Advertisement

McMahon may have taken baseball over concussions

Former Chicago Bears quarterback said in an interview broadcast Wednesday that if he had known the dangers of head trauma from playing football, he might have been a baseball player.

"Being injured, if you don't play, you don't get paid. If I was able to walk out on that field, I was gonna play," he said in an interview with Chicago's WFLD-TV at his Arizona home. "Had I known about that stuff early on in my career, I probably would have chosen a different career. I always wanted to be a baseball player anyway.

"I went to college I played both sports, I would have stuck to that. That was my first love was baseball and had I had a scholarship to play baseball, I probably would have played just baseball. But football paid for everything, it still does. That Super bowl XX team is still as popular as it ever was. Until they win again, we're gonna still make money."

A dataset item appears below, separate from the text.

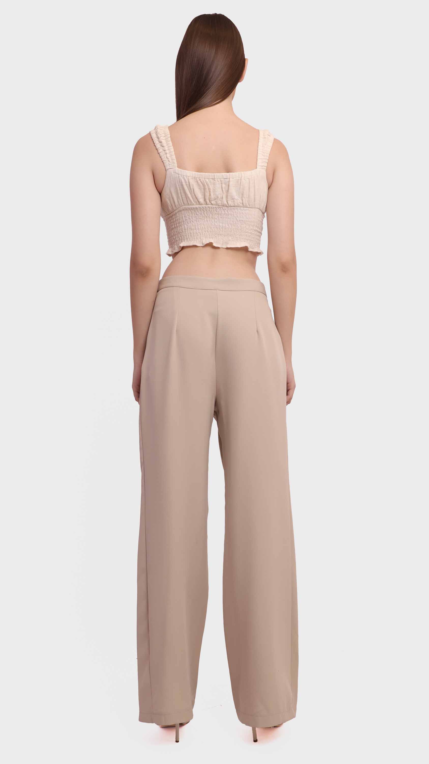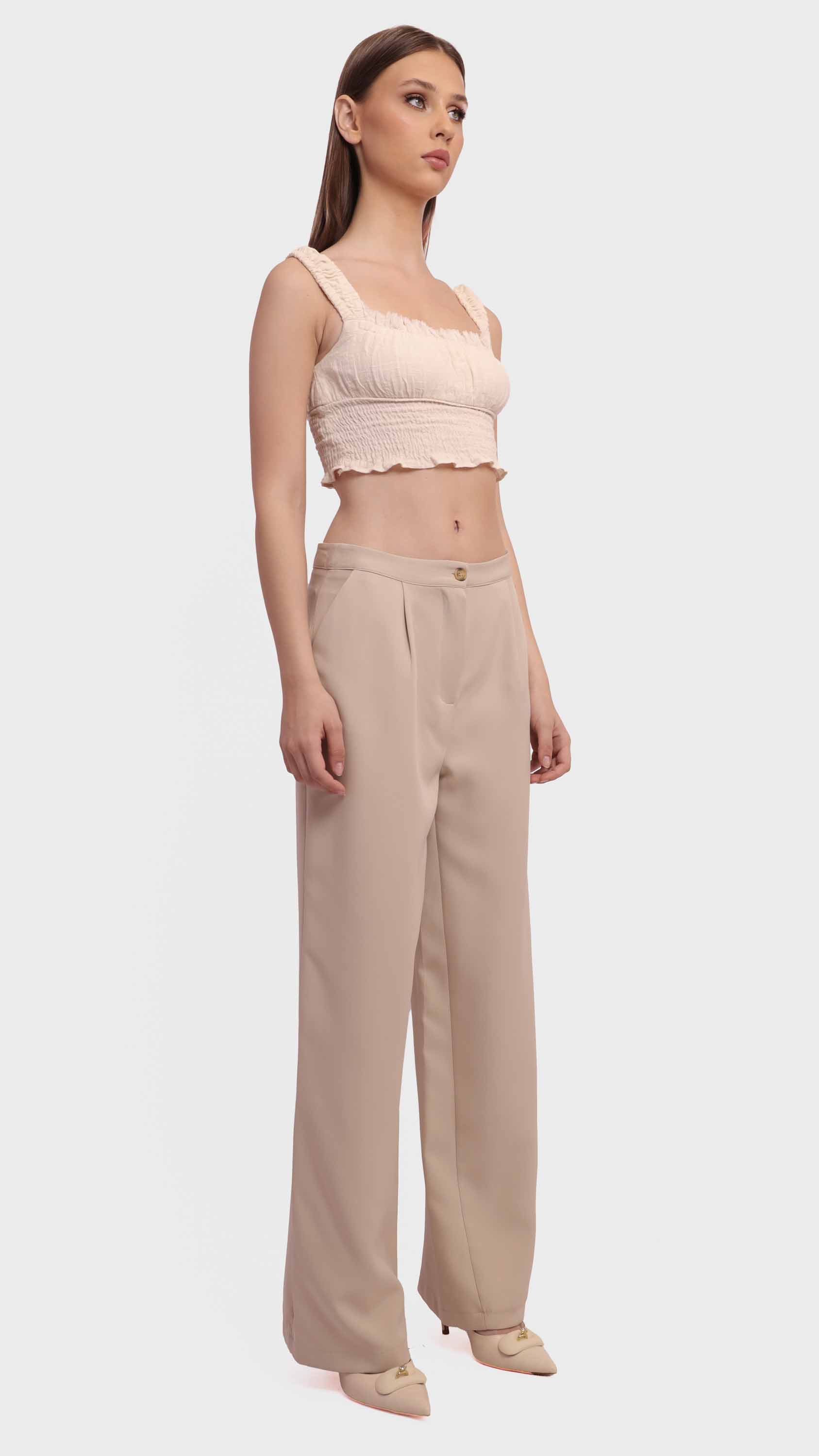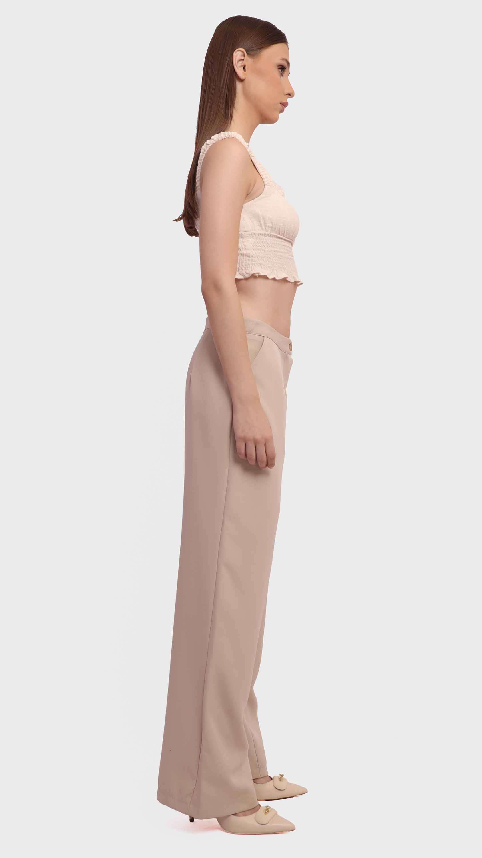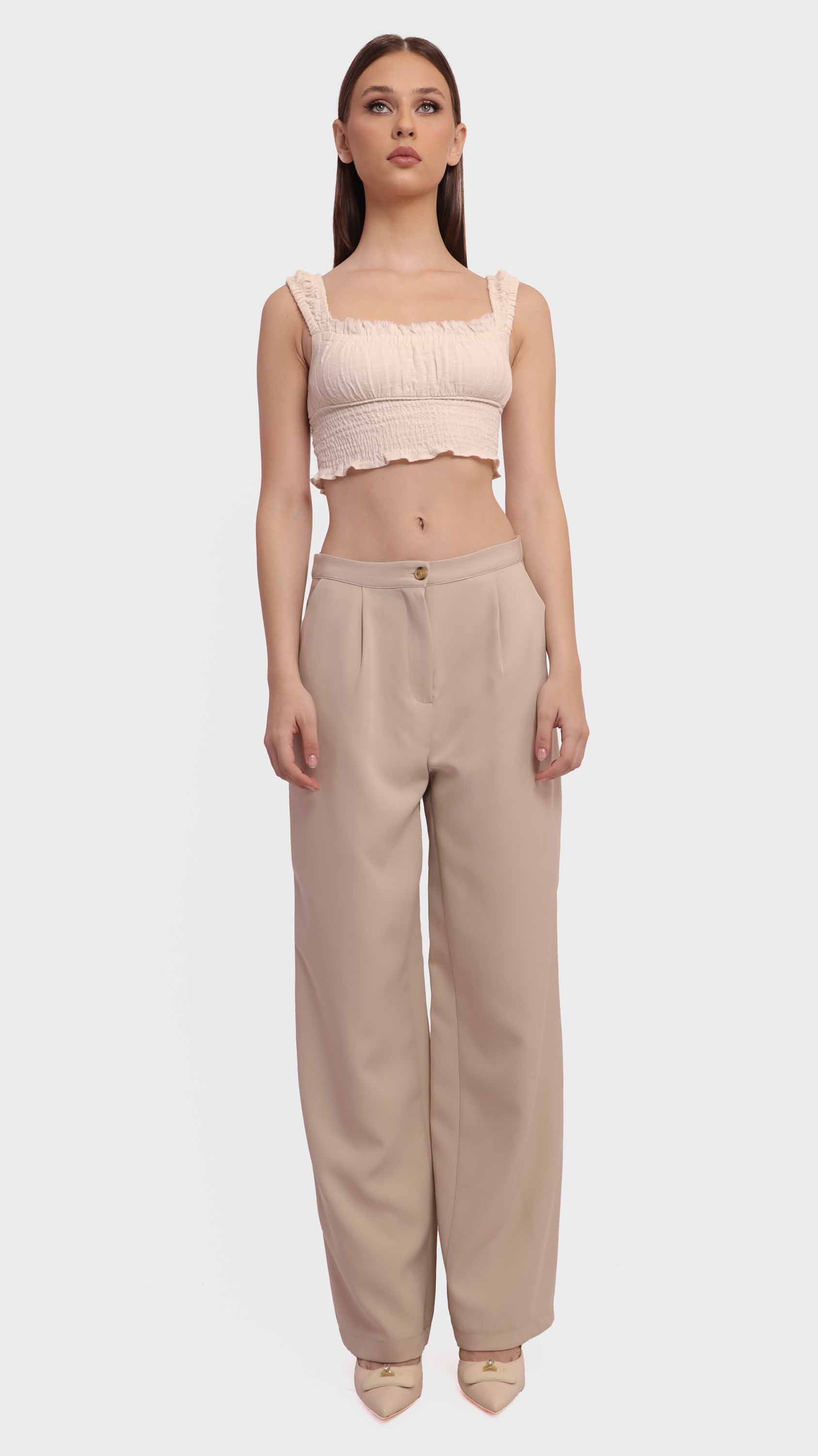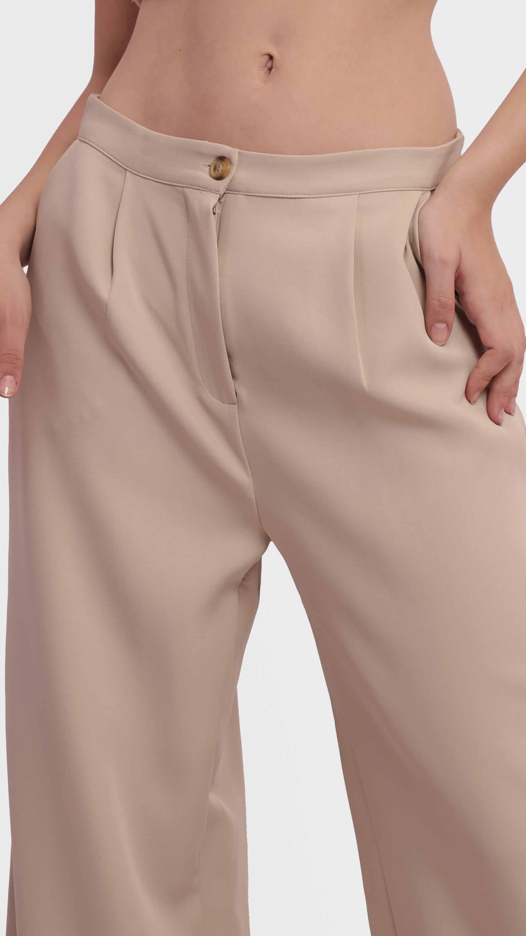 These straight-leg trousers feature classic front pleats and a tailored waistband for a polished look. The soft, textured fabric and minimal detailing make them a staple piece for office-ready outfits or elevated casual looks.

McMahon, 53, who is suffering from the early stages of dementia, was part of the Bears' only Super Bowl championship team. Last month he made the cover of Sports Illustrated as one of the 2,000-plus former players who have joined in a lawsuit that accuses the NFL of concealing the risks of concussions.

"The guys that started the lawsuit out ... these guys are in dire needs. Both financially and in their health," McMahon says. "I didn't make a lot of money in the '80s, so you know what these guys made. A lot of them had to have jobs in the off season, this and that ... I've never had a job other than the NFL, and I hope to never have one. I'm not in it for the money. This is about raising awareness, whether or not these guys knew back then this was going to happen."

McMahon suffered countless concussions during his 15-year career. The most famous of which may be when he was body slammed after a play by Green Bay Packers defensive lineman Charles Martin.

He said after most hits he received a cursory glance from the trainers, who then let him return to the game.

"They'd ask you questions, basic questions. Where are you, what day is it? Stuff like that," McMahon said. "And if you were able to answer that and seem like you were ok they would let you back in."